7 In support of the judge's findings, it is also reasonable to infer that, accepting weekly expenditures of $4,500 reflected the marital lifestyle, the parties could maintain the same lifestyle less expensively after they separated.
10 divorce, and $1,486 at the time of the modification trial,
before any alimony is paid. The judge's findings therefore
reflect that the wife's need for alimony decreased by nearly
$1,100 per week (roughly forty-two percent) as a result of the
substantial postdivorce increase in her income. The original,
agreed on alimony order of $1,000 per week covered approximately
thirty-nine percent of the wife's need at the time of the
divorce ($2,563 per week). Similarly, the modified alimony
order of $580 per week covered thirty-nine percent of the wife's
need at the time of the modification trial ($1,486 per week).

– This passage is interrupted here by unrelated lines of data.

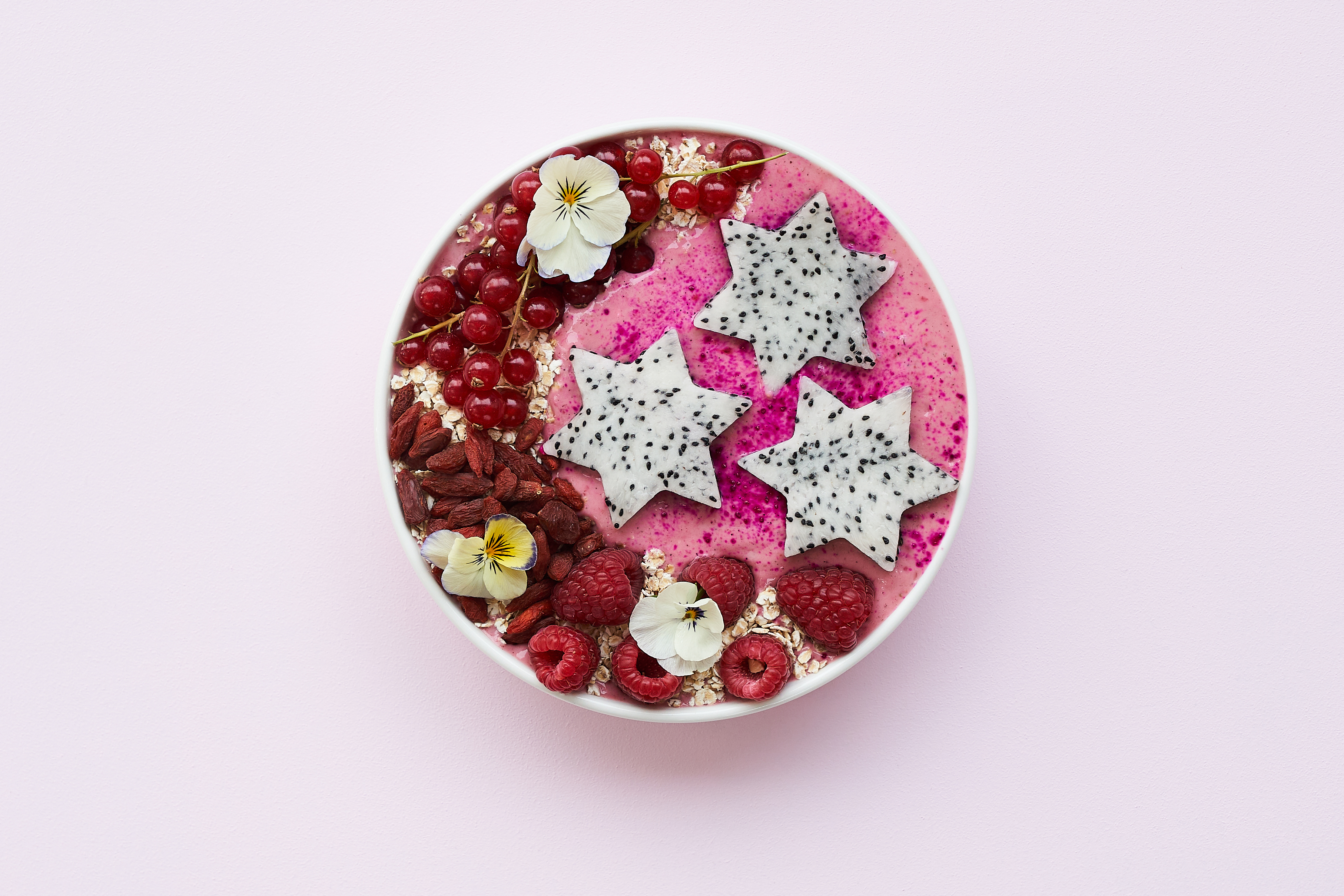 Am besten fängt man mit Obst und Beeren an. Diese köstlichen Zutaten können sowohl für die Basis als auch als farbenfrohe Toppings verwendet werden, die den Bowls zusätzlichen Geschmack verleihen.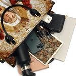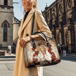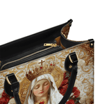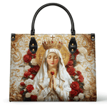 The Lady of Fatima Elegance Leather Bag is a stunning fusion of faith and luxury, featuring a breathtaking Renaissance-Baroque depiction of Our Lady of Fatima in prayer. She is adorned in a flowing white robe with golden embroidery, crowned in regal splendor, and encircled by vibrant red and white roses, symbolizing love, purity, and divine grace. The ornate golden background adds a touch of sacred opulence, evoking the grandeur of classic religious art.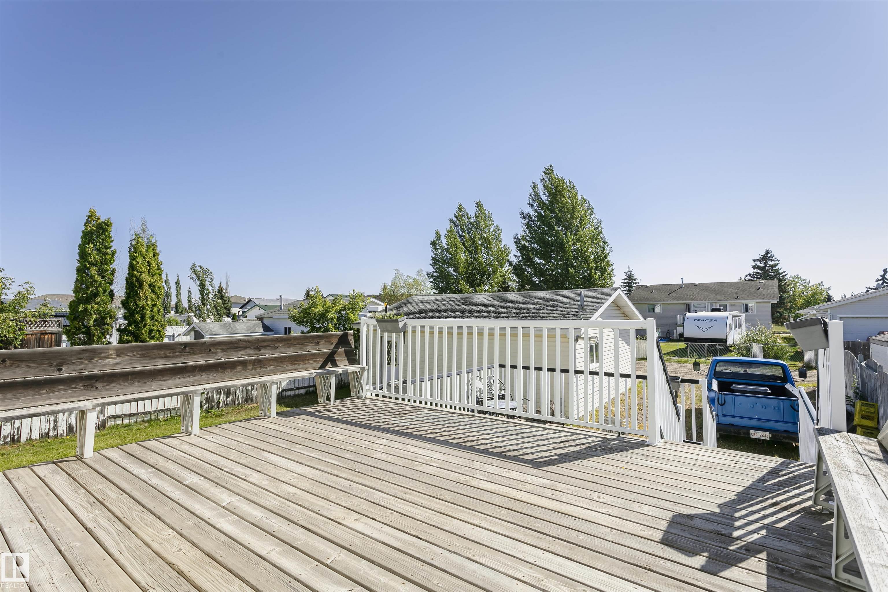 In Tofield you will find this beautiful bi-level home located close to the Hospital, 2 schools and a park right across the street. Amazing Location! The homes main floor has a kitchen/dining room, large living room, full bath and 3 bedrooms. The primary bedroom is spacious, complete with 4 piece ensuite bath with a large jetted soaker tub. The 2nd bedroom is comfortable size and the 3rd bedroom is very spacious. THE BASEMENT HAS JUST BEEN REFRESHED! 9' ceilings, a 2nd kitchen, bedroom, large rec room, laundry room and huge storage. This area is more than 1/3 of the basement that can be developed into more bedrooms, entertaining space, what ever your family desires. Outside is a massive 2 tiered deck that has been pre-wired for a Hot Tub. The big yard has lots of room to play or to relax by the fire pit. Completing this great home is a Heated Double Detached garage. Tofield is a charming community which has all the amenities you need including a Golf Course. Edmonton and Sherwood Park are a short commuter.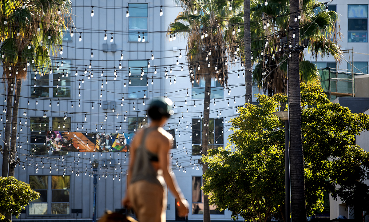 A woman walks across the Mosaic Promenade in Downtown Long Beach, Tuesday, Dec. 12, 2023. Photo by Thomas R. Cordova.

The judge thus ensured that the reduction in alimony was
proportional to the reduction in the wife's need.
On this record, we cannot say that it was an abuse of
discretion to reduce the husband's alimony obligation to $580
per week, where (1) the only material change in circumstances
since the time of the divorce was the substantial increase in
the wife's income (which significantly reduced her need for
alimony), and (2) the amount of the modified alimony award,
while not covering the wife's entire need, is consistent with
the parties' intentions expressed in their separation agreement
11 (and covers the same percentage of the wife's need as the
original award).8
Amended judgment of modification dated June 26, 2024, affirmed.
By the Court (Ditkoff, D'Angelo & Wood, JJ.9),
Clerk
Entered: January 30, 2026.
8 The husband's request for appellate fees is denied.
9 The panelists are listed in order of seniority.